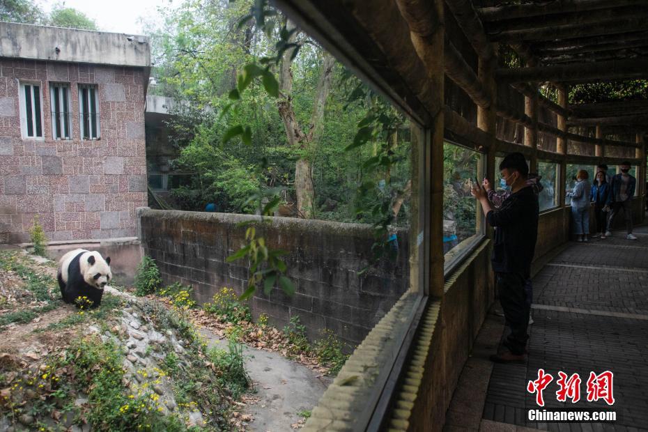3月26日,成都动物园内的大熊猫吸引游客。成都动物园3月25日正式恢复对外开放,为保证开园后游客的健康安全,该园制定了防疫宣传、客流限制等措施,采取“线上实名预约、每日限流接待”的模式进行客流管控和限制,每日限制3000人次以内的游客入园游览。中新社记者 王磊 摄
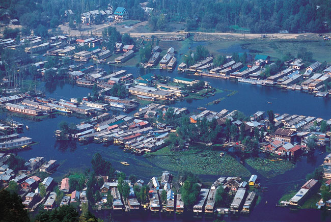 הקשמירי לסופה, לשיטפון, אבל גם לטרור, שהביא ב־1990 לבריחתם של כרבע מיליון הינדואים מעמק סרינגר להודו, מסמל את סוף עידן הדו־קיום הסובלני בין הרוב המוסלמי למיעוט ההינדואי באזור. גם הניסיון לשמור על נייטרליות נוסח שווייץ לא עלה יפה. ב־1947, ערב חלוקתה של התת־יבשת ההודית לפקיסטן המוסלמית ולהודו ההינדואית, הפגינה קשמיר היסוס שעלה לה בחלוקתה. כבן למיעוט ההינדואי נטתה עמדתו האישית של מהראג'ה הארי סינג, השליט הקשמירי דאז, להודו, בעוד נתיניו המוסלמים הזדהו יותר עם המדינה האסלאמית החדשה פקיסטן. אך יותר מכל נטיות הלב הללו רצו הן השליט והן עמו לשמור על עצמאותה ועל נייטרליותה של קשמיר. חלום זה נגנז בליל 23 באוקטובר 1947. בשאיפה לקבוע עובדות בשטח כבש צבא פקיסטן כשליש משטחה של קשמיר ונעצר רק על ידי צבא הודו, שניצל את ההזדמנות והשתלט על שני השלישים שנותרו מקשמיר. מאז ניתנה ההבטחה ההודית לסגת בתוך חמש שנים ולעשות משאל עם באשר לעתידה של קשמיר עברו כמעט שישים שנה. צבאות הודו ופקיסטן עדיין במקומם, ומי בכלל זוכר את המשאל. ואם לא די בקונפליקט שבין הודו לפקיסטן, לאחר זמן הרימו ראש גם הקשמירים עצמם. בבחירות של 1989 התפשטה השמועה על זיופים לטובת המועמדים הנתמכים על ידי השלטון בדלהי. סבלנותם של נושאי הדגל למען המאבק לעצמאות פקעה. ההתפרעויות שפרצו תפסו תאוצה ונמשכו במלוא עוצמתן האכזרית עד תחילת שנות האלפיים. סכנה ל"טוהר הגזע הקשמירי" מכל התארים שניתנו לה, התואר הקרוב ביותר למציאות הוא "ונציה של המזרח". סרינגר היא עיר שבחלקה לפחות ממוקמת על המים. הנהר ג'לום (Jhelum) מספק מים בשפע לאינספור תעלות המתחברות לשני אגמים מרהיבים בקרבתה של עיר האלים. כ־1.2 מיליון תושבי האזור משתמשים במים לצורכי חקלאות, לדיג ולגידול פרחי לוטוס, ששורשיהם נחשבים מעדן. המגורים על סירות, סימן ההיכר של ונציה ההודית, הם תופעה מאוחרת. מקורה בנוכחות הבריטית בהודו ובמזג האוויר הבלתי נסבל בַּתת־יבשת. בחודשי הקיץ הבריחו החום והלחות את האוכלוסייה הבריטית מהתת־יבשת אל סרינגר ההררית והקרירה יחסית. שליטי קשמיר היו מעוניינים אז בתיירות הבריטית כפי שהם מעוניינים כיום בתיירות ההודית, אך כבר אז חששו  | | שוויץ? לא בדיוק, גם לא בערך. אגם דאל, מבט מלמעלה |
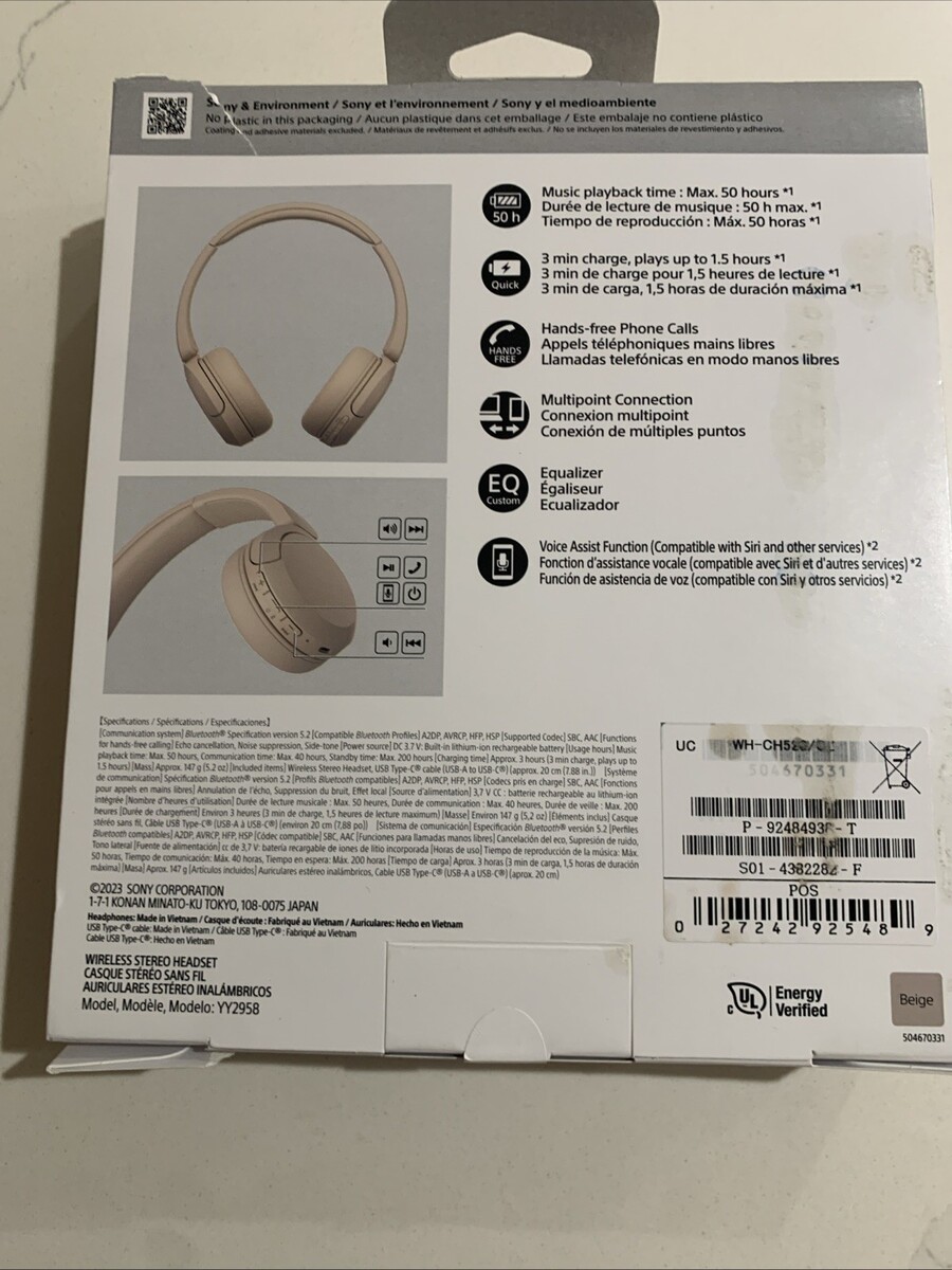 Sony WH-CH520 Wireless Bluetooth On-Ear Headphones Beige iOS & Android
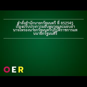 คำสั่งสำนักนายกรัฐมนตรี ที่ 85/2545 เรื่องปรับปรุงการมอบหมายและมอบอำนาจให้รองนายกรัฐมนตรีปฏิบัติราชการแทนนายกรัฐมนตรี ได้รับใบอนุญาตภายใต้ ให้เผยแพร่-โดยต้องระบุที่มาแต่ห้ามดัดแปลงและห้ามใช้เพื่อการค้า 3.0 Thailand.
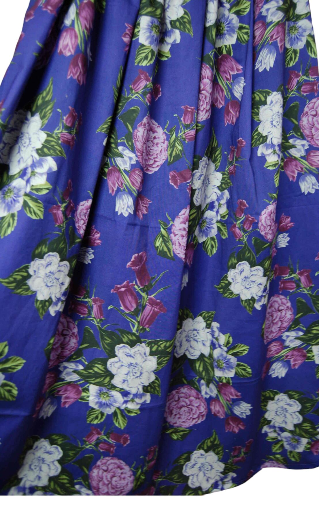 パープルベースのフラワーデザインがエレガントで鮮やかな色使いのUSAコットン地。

## What is required
Every record must be transcribed faithfully, with no picture carried over.

## Expected answer
3月26日,成都动物园内的大熊猫吸引游客。成都动物园3月25日正式恢复对外开放,为保证开园后游客的健康安全,该园制定了防疫宣传、客流限制等措施,采取“线上实名预约、每日限流接待”的模式进行客流管控和限制,每日限制3000人次以内的游客入园游览。中新社记者 王磊 摄
 הקשמירי לסופה, לשיטפון, אבל גם לטרור, שהביא ב־1990 לבריחתם של כרבע מיליון הינדואים מעמק סרינגר להודו, מסמל את סוף עידן הדו־קיום הסובלני בין הרוב המוסלמי למיעוט ההינדואי באזור. גם הניסיון לשמור על נייטרליות נוסח שווייץ לא עלה יפה. ב־1947, ערב חלוקתה של התת־יבשת ההודית לפקיסטן המוסלמית ולהודו ההינדואית, הפגינה קשמיר היסוס שעלה לה בחלוקתה. כבן למיעוט ההינדואי נטתה עמדתו האישית של מהראג'ה הארי סינג, השליט הקשמירי דאז, להודו, בעוד נתיניו המוסלמים הזדהו יותר עם המדינה האסלאמית החדשה פקיסטן. אך יותר מכל נטיות הלב הללו רצו הן השליט והן עמו לשמור על עצמאותה ועל נייטרליותה של קשמיר. חלום זה נגנז בליל 23 באוקטובר 1947. בשאיפה לקבוע עובדות בשטח כבש צבא פקיסטן כשליש משטחה של קשמיר ונעצר רק על ידי צבא הודו, שניצל את ההזדמנות והשתלט על שני השלישים שנותרו מקשמיר. מאז ניתנה ההבטחה ההודית לסגת בתוך חמש שנים ולעשות משאל עם באשר לעתידה של קשמיר עברו כמעט שישים שנה. צבאות הודו ופקיסטן עדיין במקומם, ומי בכלל זוכר את המשאל. ואם לא די בקונפליקט שבין הודו לפקיסטן, לאחר זמן הרימו ראש גם הקשמירים עצמם. בבחירות של 1989 התפשטה השמועה על זיופים לטובת המועמדים הנתמכים על ידי השלטון בדלהי. סבלנותם של נושאי הדגל למען המאבק לעצמאות פקעה. ההתפרעויות שפרצו תפסו תאוצה ונמשכו במלוא עוצמתן האכזרית עד תחילת שנות האלפיים. סכנה ל"טוהר הגזע הקשמירי" מכל התארים שניתנו לה, התואר הקרוב ביותר למציאות הוא "ונציה של המזרח". סרינגר היא עיר שבחלקה לפחות ממוקמת על המים. הנהר ג'לום (Jhelum) מספק מים בשפע לאינספור תעלות המתחברות לשני אגמים מרהיבים בקרבתה של עיר האלים. כ־1.2 מיליון תושבי האזור משתמשים במים לצורכי חקלאות, לדיג ולגידול פרחי לוטוס, ששורשיהם נחשבים מעדן. המגורים על סירות, סימן ההיכר של ונציה ההודית, הם תופעה מאוחרת. מקורה בנוכחות הבריטית בהודו ובמזג האוויר הבלתי נסבל בַּתת־יבשת. בחודשי הקיץ הבריחו החום והלחות את האוכלוסייה הבריטית מהתת־יבשת אל סרינגר ההררית והקרירה יחסית. שליטי קשמיר היו מעוניינים אז בתיירות הבריטית כפי שהם מעוניינים כיום בתיירות ההודית, אך כבר אז חששו  | | שוויץ? לא בדיוק, גם לא בערך. אגם דאל, מבט מלמעלה |
 Sony WH-CH520 Wireless Bluetooth On-Ear Headphones Beige iOS & Android
 คำสั่งสำนักนายกรัฐมนตรี ที่ 85/2545 เรื่องปรับปรุงการมอบหมายและมอบอำนาจให้รองนายกรัฐมนตรีปฏิบัติราชการแทนนายกรัฐมนตรี ได้รับใบอนุญาตภายใต้ ให้เผยแพร่-โดยต้องระบุที่มาแต่ห้ามดัดแปลงและห้ามใช้เพื่อการค้า 3.0 Thailand.
 パープルベースのフラワーデザインがエレガントで鮮やかな色使いのUSAコットン地。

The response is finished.